Her face is serious when she looks at me. “You don’t eat much, Lily.”

Her scrutiny has my stomach burning with the excess acid that always seems to be there, but I’ve gotten used to. “I don’t want to gain weight. They cut you from the dance company if you have too much flab.”

“Is that why you’re always exercising?”

I roll my eyes. “What’s with the inquisition?”

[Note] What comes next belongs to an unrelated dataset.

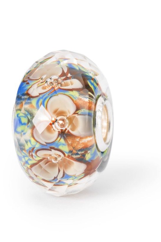 Cream-coloured flowers reveal themselves in this facetted glass bead upon leaves of yellow and blue. If you look closely, you will find sparkling cobber colors in the meadow.

Penny sighed. “Nothing. It’s your body. But I’m hungry. I’ve just spent the day getting dirty with three men who had nothing interesting to say except pass the rake.”

I make a face. “That’s it?”

She thought a second. “They may have said thank you once or twice.”

I eyed Penny. “You mean to tell me that Gus watches me on the beach every morning and he didn’t say anything about me at all after I left?”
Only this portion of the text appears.